In the written reasons for its decision, the commission says: “The participant [Finley] had nationality in mind since in his witness statement he says ‘I did make reference that Paul should go back to his caravan and that I was referencing his being Irish in doing so’.”

It adds: “Nevertheless, the word ‘pikey’ implied more insult than being implicitly called merely ‘Irish’. ‘Pikey’ has well-known disparaging connotations associated with the term and is therefore commonly considered a slur.”

Finley’s suspension is with immediate effect until Accrington have completed eight matches. The Liverpool-born player, who was released by Everton when he was 16, is permitted to appeal.

It is not the first lengthy ban handed down for abuse against an Irish player, with Rotherham’s Kirk Broadfoot handed a 10-game ban and fined £7,500 (€8,500) under Rule E3 (1) for aiming sectarian abuse at Ireland international James McClean in 2015.

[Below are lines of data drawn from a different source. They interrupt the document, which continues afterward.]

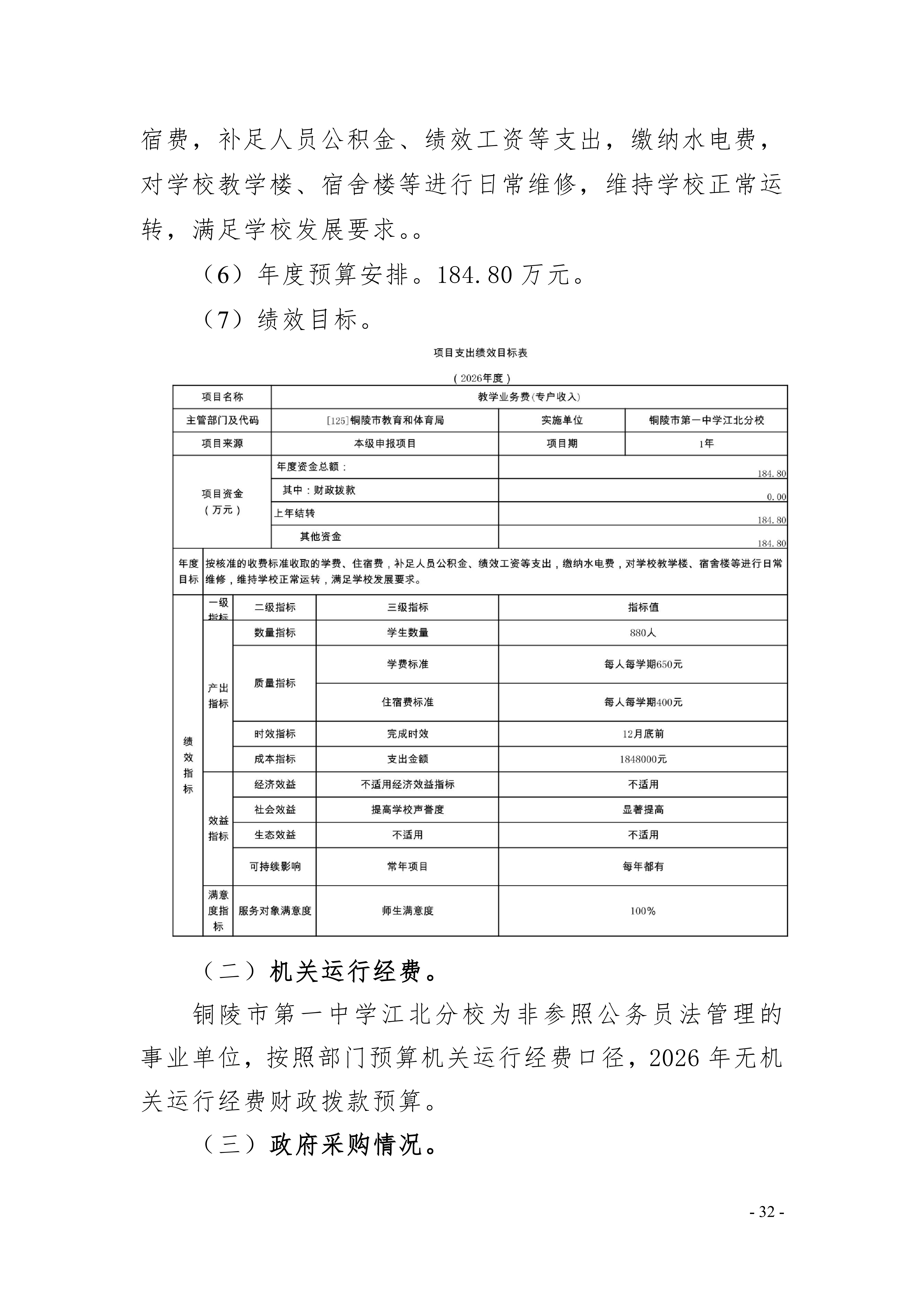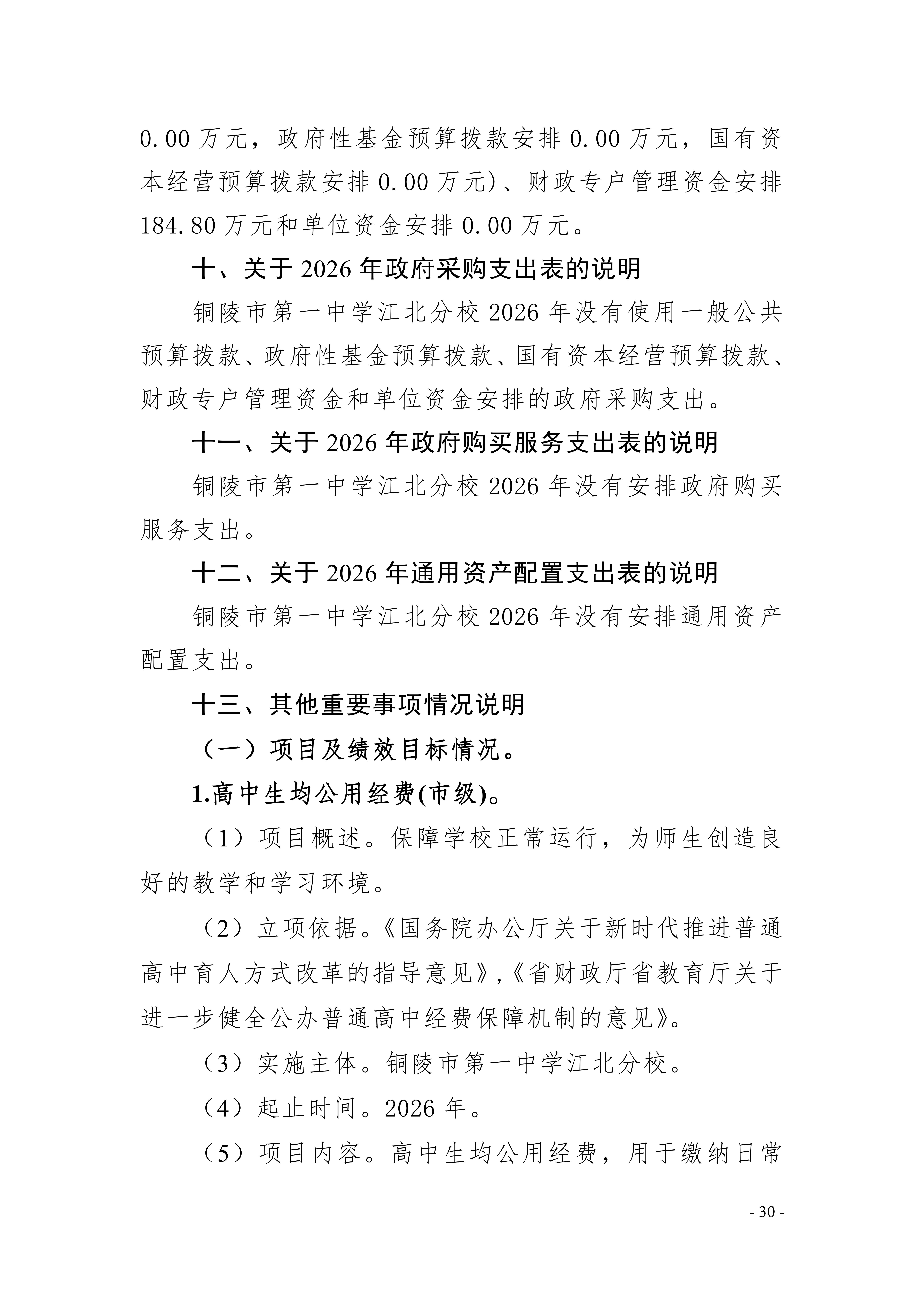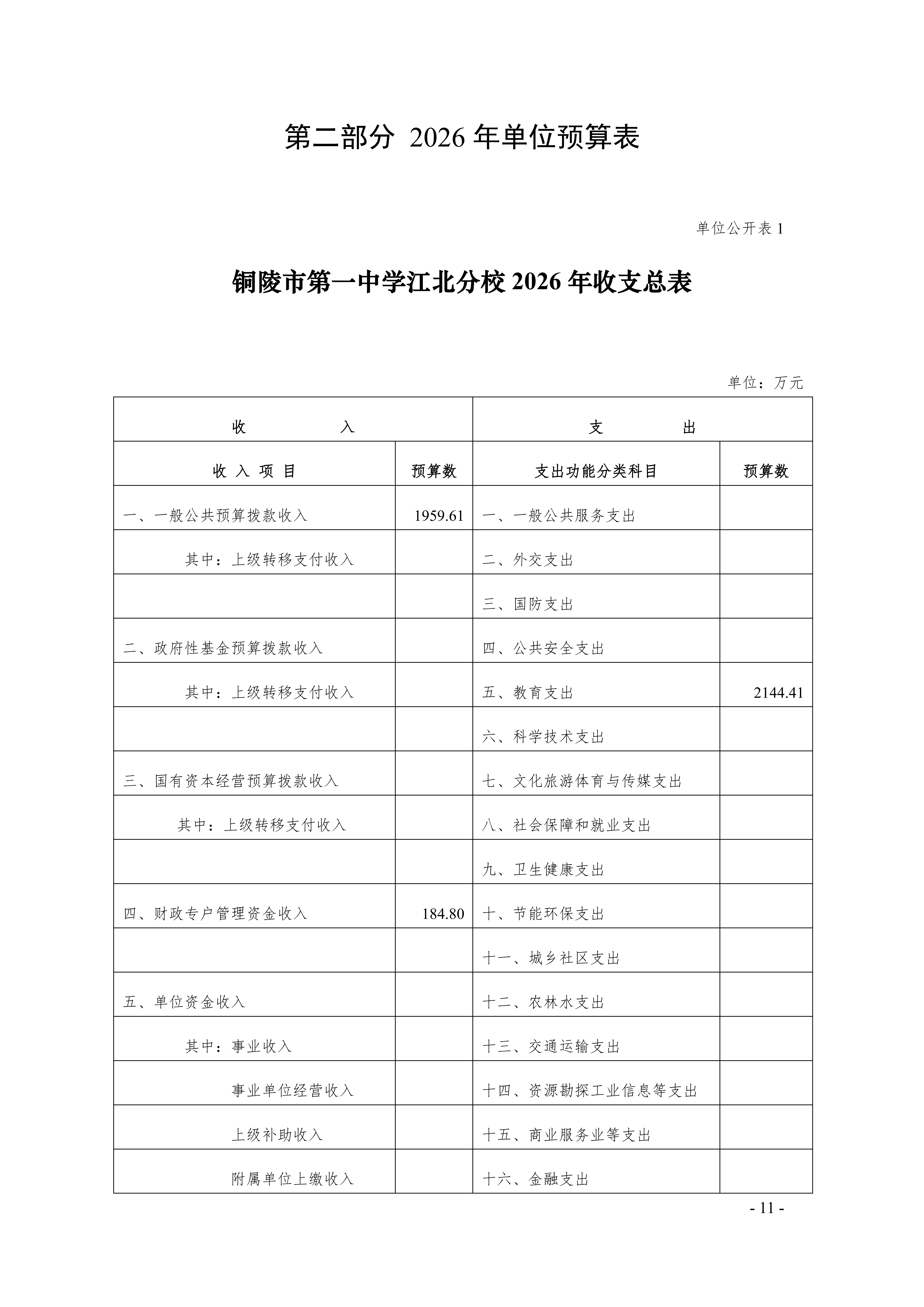 2026年铜陵市第一中学江北分校单位预算公开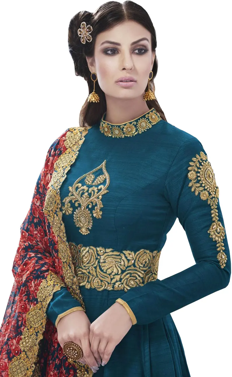 Blue-Fog Maxi Gown from Srinagar with Printed Flowers and Embellished Beads
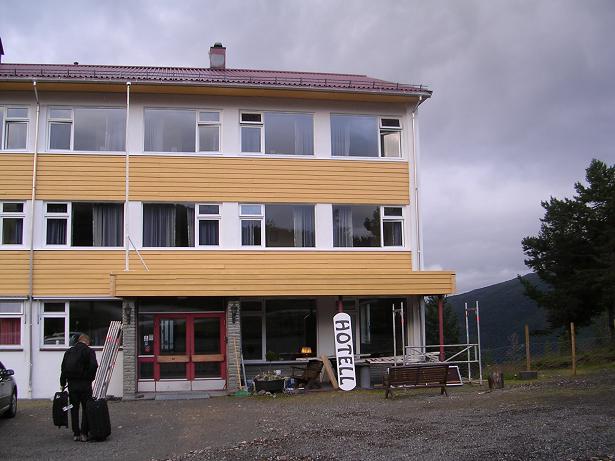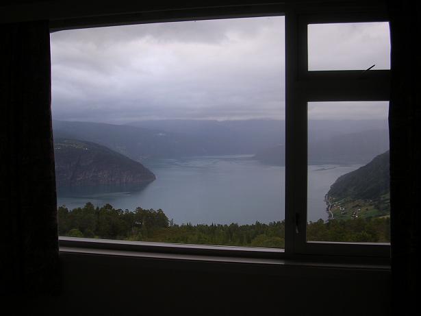 לינה: החלטנו על ספונטניות. רואים מקום נחמד? מחפשים מלון ועוצרים בו. עבד כמו קסם. לקראת ערב היום הראשון עצרנו בוויק, עיירה קטנה על תחילת פיורד, ומצאנו פונדק שמשכיר שם חדרים, הכל בנוי מעץ, פשוט אבל מאוד חמים ונעים. בלילה השני, לעומת זאת, החלטנו ללכת על נוף. בראש הר מצאנו מלון, שממבט ראשון נראה סגור לשיפוצים. נכנסנו ושאלנו, והתברר שזה שייך לנורבגית ולבעלה הפקיסטני. הפקיסטני הזעיף פנים עת רווית ודימה אמרו שאנחנו מישראל, אבל אשתו חייכה ואמרה שאין בעיה, אנחנו יכולים לישון שם. למרות המראה החזיתי של הבניין, שעדיין בשיפוצים, הנוף מחלון החדר היה משהו שפשוט קשה לתאר. הנה שתי תמונות, האחת של המלון מקדימה, והשנייה של הנוף הנשקף מהחדר.
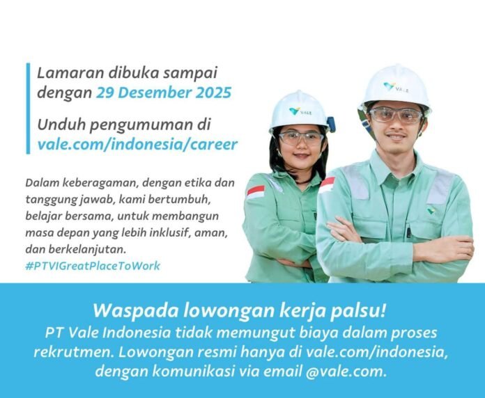 Luwu Timur, batarapos.com – Kesempatan berkarir menjadi bagian dari PT Vale Indonesia kembali dibuka.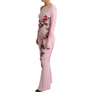 Dolce & Gabbana Pink Flower Embellished One Shoulder Dress
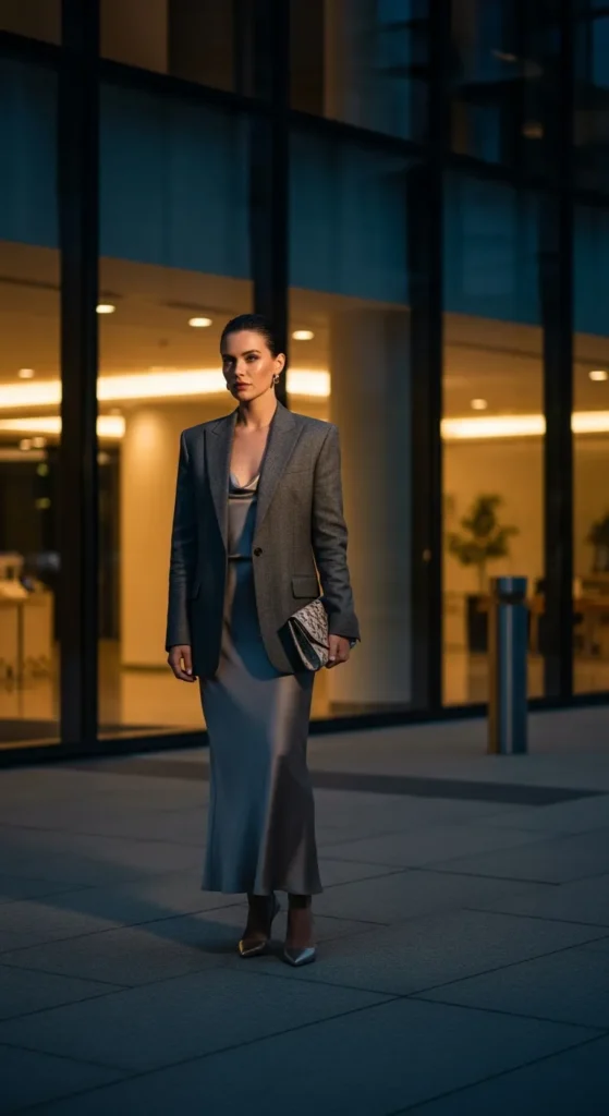 A silky maxi skirt combined with a structured blazer creates a powerful yet feminine outfit. It blends softness with authority, making it perfect for dressed-up moments.

The exact nature of the offending comments were never made public after a confidentiality agreement was signed prohibiting anyone involved in the case from commenting on it.

The ban was a record for verbal abuse in English football, beating the eight games handed to Luis Suarez when he was found guilty of racially abusing Patrice Evra in December 2011.

Last week, Grimsby midfielder Elliott Whitehouse was charged by the FA with alleged racist abuse towards a Northampton player.

The incident, which involved an unnamed Cobblers player, took place in the two clubs’ League Two clash on November 23rd.

Whitehouse has until May 4th to respond after being charged with an “aggravated breach” of FA Rule E3(2).